Is Sharron Angle dangerous?

The Nevada Republican once invoked the idea of armed insurrection against the government. Are critics twisting Angle's words or is she a not-so-secret extremist?

Sharron Angle's "extremist" past is haunting the Tea Party candidate — who won Nevada's Republican Senate primary and will take on Harry Reid in November — even as she heads to Washington to convince GOP power brokers that she won't let Reid paint her as a fringe freak-show. The Washington Post's Greg Sargent dug up a January interview in which Angle seemed to endorse armed insurrection against the U.S. government if "Congress keeps going the way it is." Her former membership in the far-right Independent American Party, a "pro-gun, states-rights party," and links to the Oath Keepers are also raising eyebrows.
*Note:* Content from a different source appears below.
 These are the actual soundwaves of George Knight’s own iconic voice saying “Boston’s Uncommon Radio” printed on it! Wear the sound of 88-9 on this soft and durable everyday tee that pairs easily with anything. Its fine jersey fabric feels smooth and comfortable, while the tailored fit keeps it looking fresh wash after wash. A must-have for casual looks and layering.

Is Angle dangerous, or are her critics distorting her past? (Watch Rachel Maddow question Sharron Angle's past affiliations)
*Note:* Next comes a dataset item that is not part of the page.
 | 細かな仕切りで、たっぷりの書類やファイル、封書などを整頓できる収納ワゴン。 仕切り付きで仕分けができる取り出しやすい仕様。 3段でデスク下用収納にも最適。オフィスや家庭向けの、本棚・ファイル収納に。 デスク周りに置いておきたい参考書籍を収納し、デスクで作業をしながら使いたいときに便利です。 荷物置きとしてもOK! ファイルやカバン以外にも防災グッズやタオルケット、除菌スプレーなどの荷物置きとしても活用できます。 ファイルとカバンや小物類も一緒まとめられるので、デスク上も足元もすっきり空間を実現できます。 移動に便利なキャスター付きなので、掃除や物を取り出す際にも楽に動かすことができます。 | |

Reid doesn't have to "depict" Angle as an extremist: She is one, says Barbara Morrill in Daily Kos. Sharron Angle is wasting her breath trying to convince Republican leaders she's not "a serial nutcase." Her military buddies in the Oath Keepers advocate refusing orders they see as unconstitutional. And she is on record as "the anti-Social Security, Medicare, EPA, Department of Veterans Affairs, alcohol and fluoride candidate." No wonder she scares people.